Stanford Internet Observatory researchers reported finding over a thousand images of child sexual abuse material in a large public dataset that is used to train widely-used AI image-generating models. This discovery suggests that the inclusion of such imagery in the training data could lead to the easier production of realistic AI-generated images depicting child abuse, as well as "deepfake" images showing children being exploited.
The results also generate numerous new worries about the lack of transparency in the training data that underpins a new wave of sophisticated generative AI tools.
The extensive dataset analyzed by Stanford researchers, named LAION 5B, comprises billions of images collected from various sources on the internet, including social media and adult entertainment sites.
The Stanford researchers identified at least 1,008 instances of child sexual abuse material out of the dataset containing more than five billion images. LAION, the German nonprofit responsible for the dataset, emphasized its "zero tolerance policy for illegal content" in a statement on its website.
The organization has received a copy of the report from Stanford and is currently evaluating its findings. It highlighted that datasets undergo rigorous filtering to ensure safety and legal compliance.
"As a precautionary measure, we have taken LAION 5B offline," the organization stated. It is collaborating with the UK-based Internet Watch Foundation to locate and eliminate links that may still direct to suspicious or potentially illegal content on the public web.
LAION announced its intention to conduct a thorough safety review of LAION 5B by the end of January and intends to release the dataset again after the review is complete. In the meantime, the Stanford team is currently removing the identified images after reporting their URLs to the National Center for Missing and Exploited Children and the Canadian Centre for Child Protection.
According to the report, the developers of LAION 5B made efforts to filter explicit content, but an earlier version of Stable Diffusion was trained on a variety of content, including explicit material. Stability AI, the London-based startup behind Stable Diffusion, clarified that this earlier version, Stable Diffusion 1.5, was released by a different company and not by Stability AI.
The Stanford researchers emphasized that Stable Diffusion 2.0 effectively removed unsafe results, resulting in very little explicit material in the training set.
"This report examines the entire LAION-5b dataset," stated a spokesperson for Stability AI in an interview with CNN. "Our models were trained on a filtered subset of the dataset, and we further fine-tuned them to address any remaining issues."

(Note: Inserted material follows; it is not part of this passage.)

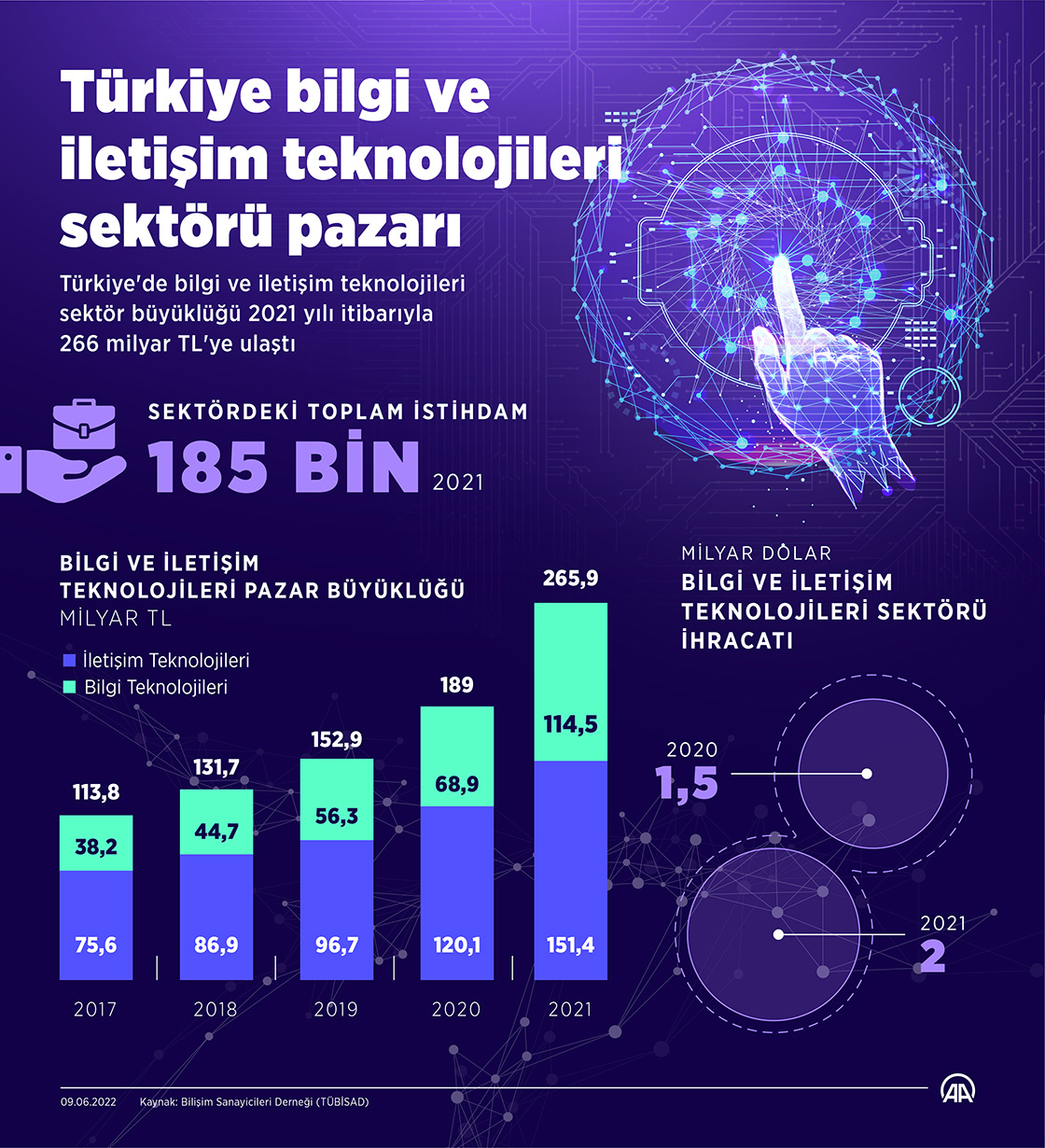 Dünyadaki gelişmelere paralel olarak Türkiye’deki bilişim ve alt sektörleri de hızlı bir gelişme gösteriyor. Bilişim sektöründeki hizmet ihracatı 2019'da 1 milyar 462 milyon dolar, 2020 yılında 2 milyar 92 milyon dolar ve 2021 yılında 2 milyar 533 milyon dolar olarak gerçekleşti. (Kaynak: AA) |

The spokesperson emphasized that Stability AI exclusively offers versions of Stable Diffusion equipped with filters to prevent unsafe content from accessing the models. "By eliminating this content before it reaches the model, we can proactively prevent the generation of unsafe content," the spokesperson stated, also noting that the company strictly prohibits the use of its products for illegal purposes.
RunPhoto/The Image Bank RF/Getty Images
Don't worry about the AI apocalypse. The actual threats are already present. However, the researchers at Stanford point out in the report that Stable Diffusion 1.5, which is still in use in certain parts of the internet, continues to be "the most widely used model for creating explicit images."
The researchers recommended discontinuing the use and distribution of models based on Stable Diffusion 1.5. According to the Stanford report, massive web-scale datasets pose significant problems, including the potential inclusion of child sexual abuse material and other privacy and copyright concerns, despite attempts at safety filtering.
The report recommended that such datasets should be restricted to "research settings only" and that only "more curated and well-sourced datasets" should be used for publicly distributed models.